*** Begin section ***
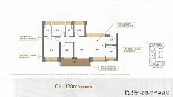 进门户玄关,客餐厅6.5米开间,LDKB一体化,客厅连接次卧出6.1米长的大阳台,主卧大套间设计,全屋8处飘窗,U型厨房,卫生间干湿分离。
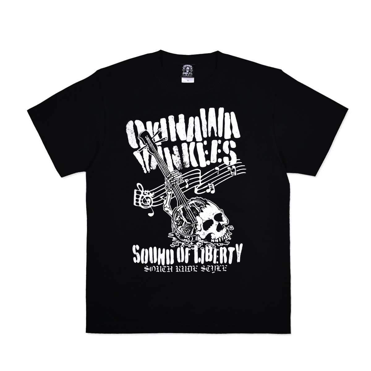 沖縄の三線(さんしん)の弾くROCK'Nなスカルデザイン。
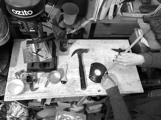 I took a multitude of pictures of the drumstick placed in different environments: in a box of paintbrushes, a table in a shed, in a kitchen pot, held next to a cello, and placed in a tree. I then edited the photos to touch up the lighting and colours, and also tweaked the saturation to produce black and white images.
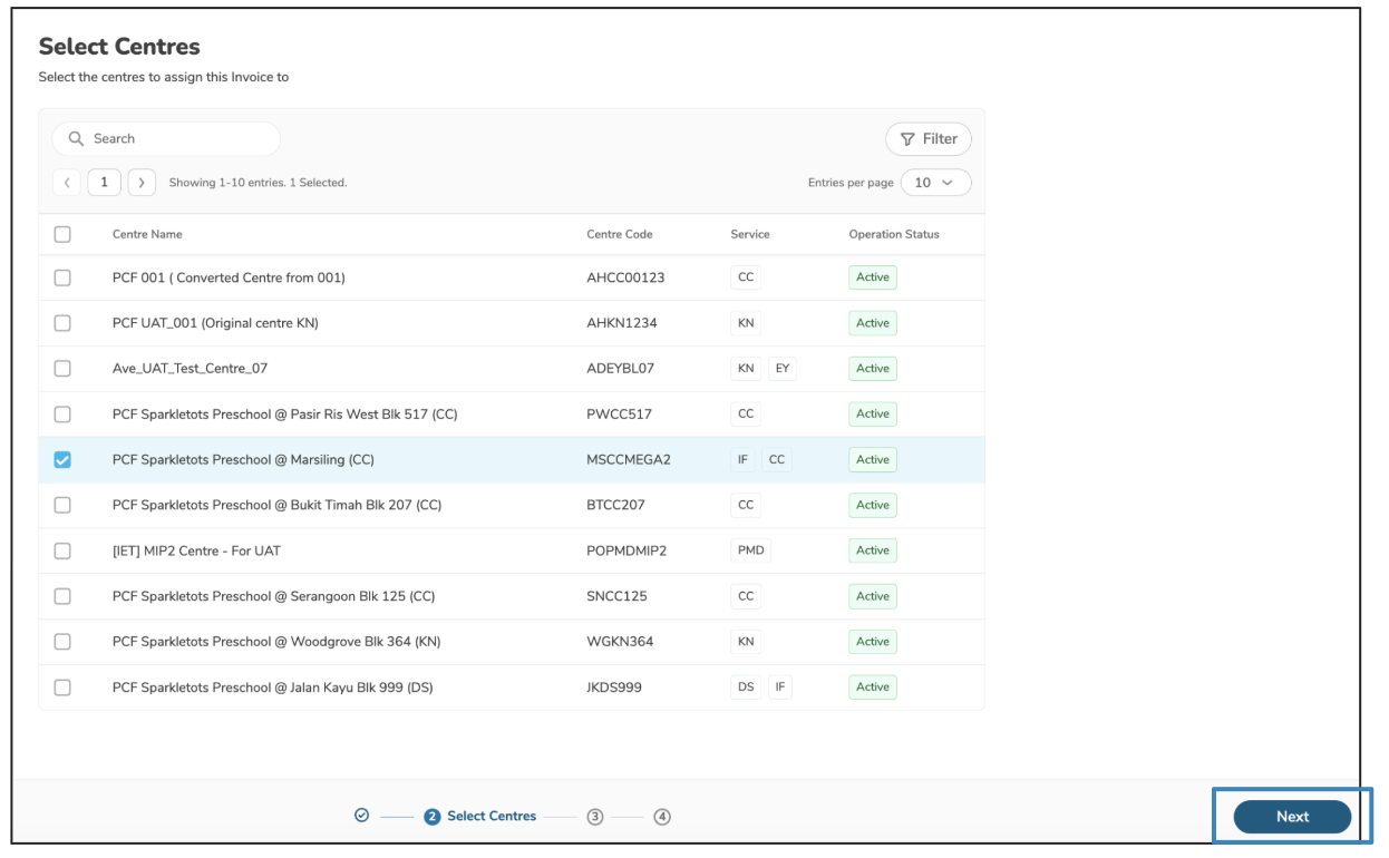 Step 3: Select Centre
*** End section ***
Problem statement -
Reproduce exactly the lines from the beginning of the material down to the line containing "沖縄の三線(さんしん)の弾くROCK'Nなスカルデザイン。", both ends included, but not the pictures or anything after.

Solution for this exercise -
 进门户玄关,客餐厅6.5米开间,LDKB一体化,客厅连接次卧出6.1米长的大阳台,主卧大套间设计,全屋8处飘窗,U型厨房,卫生间干湿分离。
 沖縄の三線(さんしん)の弾くROCK'Nなスカルデザイン。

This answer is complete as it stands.